[What to do] Below, locate the line that contains "Goldfish Plant flowers". Repeat exactly from that line to the line that contains "LEMON BUTTER FISH rm 28", inclusive, leaving out the pictures.

::::::::

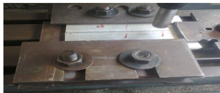
Fig.4 Setting the Al plates in Universal Milling Machine
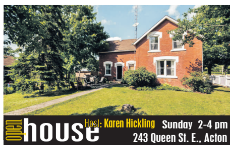
house Host: Karen Hickling Sunday 2-4 pm 243 Queen St. E., Acton

Location, Location, Location! Updated 3+ bedroom bungalow with finished lower level and a garage on a huge mature lot. Steps to GO & short walk to downtown. $449,900.00 Georgetown MLS#W3026659
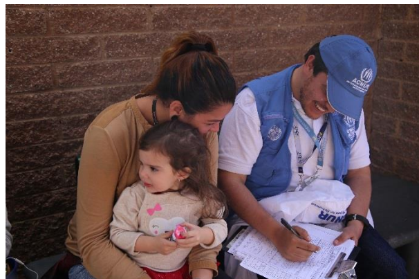
UNHCR staff supporting the registration of Venezuelans in Soacha, near Bogotá, June 2018.
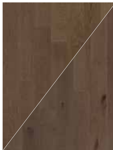
Antique select / rustic ✨
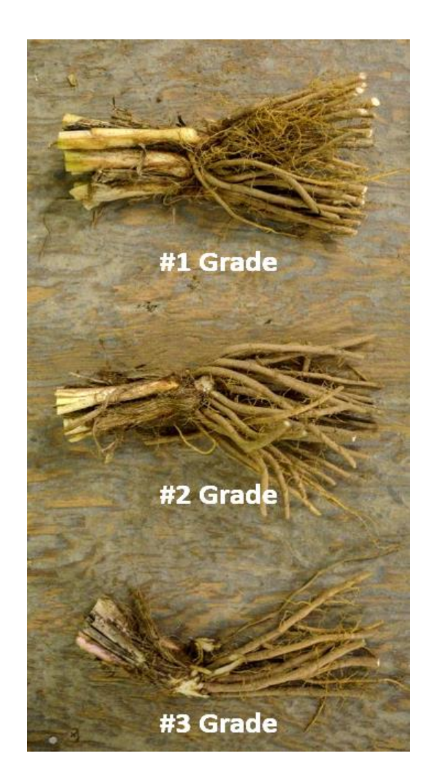
Figure 4. Bareroot sizes and grades.

When receiving bareroot liners from Walters Gardens, there are a few steps to take to ensure that the best quality is maintained. Boxes should be opened and inspected to check that roots are firm and relatively dry. Bareroot liners can be stored at cool temperatures (30-45°F) for a few days if planting immediately is not possible, although there are certain crops that should take priority to be planted as soon as possible. Bareroot liners may be trimmed to fit the container, and care should be taken to prevent air pockets around the roots. Various crops have different requirements in terms of what depth the roots should be planted at, and then the best cultural methods should be used to ensure a healthy crop after planting.
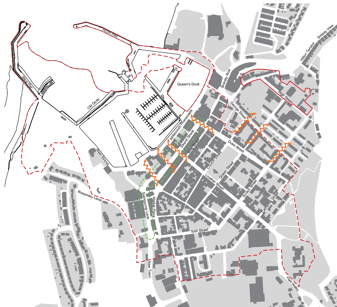
Lack of visual and physical linkages between the town centre and the harbour

Whitehaven's conservation areas consist of two distinct zones – the town centre and the harbour. Visual and physical linkages between these two zones are currently poor and inadequate and this is directly attributable to the town's one-way traffic system and its resultant heavy traffic flows and to the extremely incoherent, incomplete, vacant, derelict and inactive streetscapes which fail to connect the harbour with the town centre.
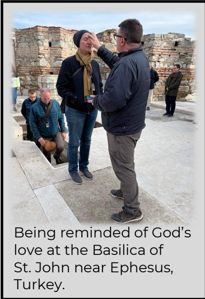
Being reminded of God's love at the Basilica of St. John near Ephesus, Turkey.
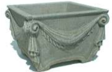
VAAL 495mm square x 330mm high
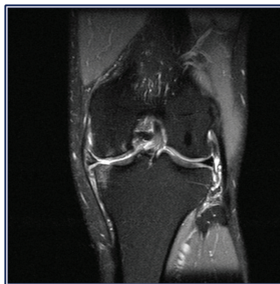
Figure 3 Magnetic resonance imaging of the left knee demonstrating a medial meniscal tear, herniation from the joint space with bone edema within the medial tibial plateau, and osteochondral damage on the medial femoral articular surface.

unstable chondral femoral flap. The patient returned 3 months later reporting that knee joint catching had improved although medial pain in extension during weight-bearing activity persisted. He also reported discomfort when walking distances and stated that he could not return to tennis because
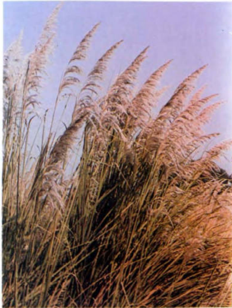
Saccharum spontaneum L.
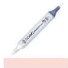
Copic Sketch Marker R20 BLUSH Pink...
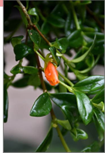
Goldfish Plant flowers

This is a dense herbaceous evergreen houseplant with a trailing habit of growth, eventually spilling over the edges of hanging baskets and containers. This plant can be pruned at any time to keep it looking its best.
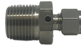
OPTIONAL FITTING WITH 1/8" WEEP HOLE
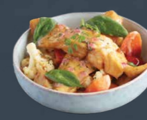
LEMON BUTTER FISH rm 28
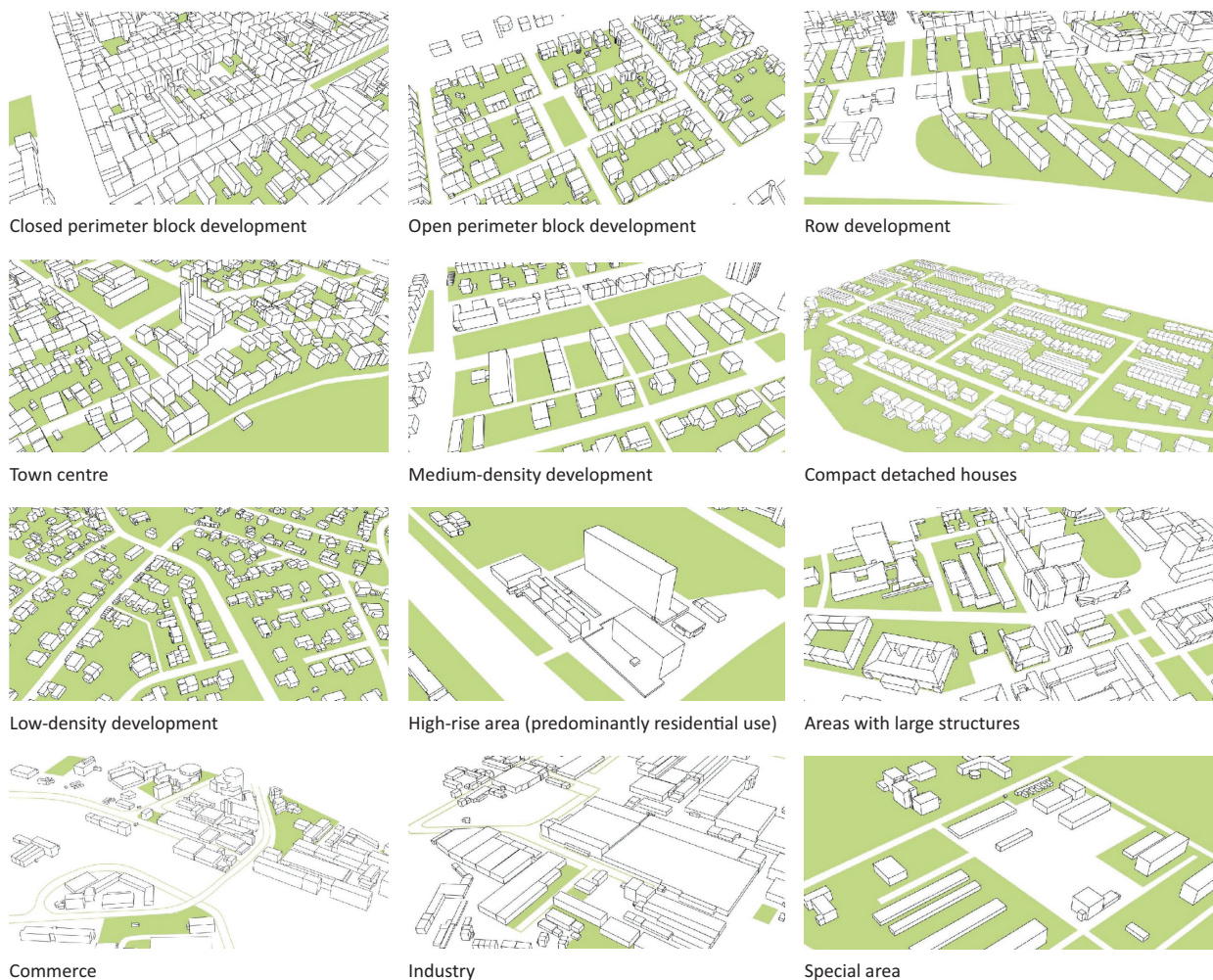
Figure 2. Major urban structure types in Karlsruhe.

::::::::

[Task solution]
Goldfish Plant flowers

This is a dense herbaceous evergreen houseplant with a trailing habit of growth, eventually spilling over the edges of hanging baskets and containers. This plant can be pruned at any time to keep it looking its best.
OPTIONAL FITTING WITH 1/8" WEEP HOLE
LEMON BUTTER FISH rm 28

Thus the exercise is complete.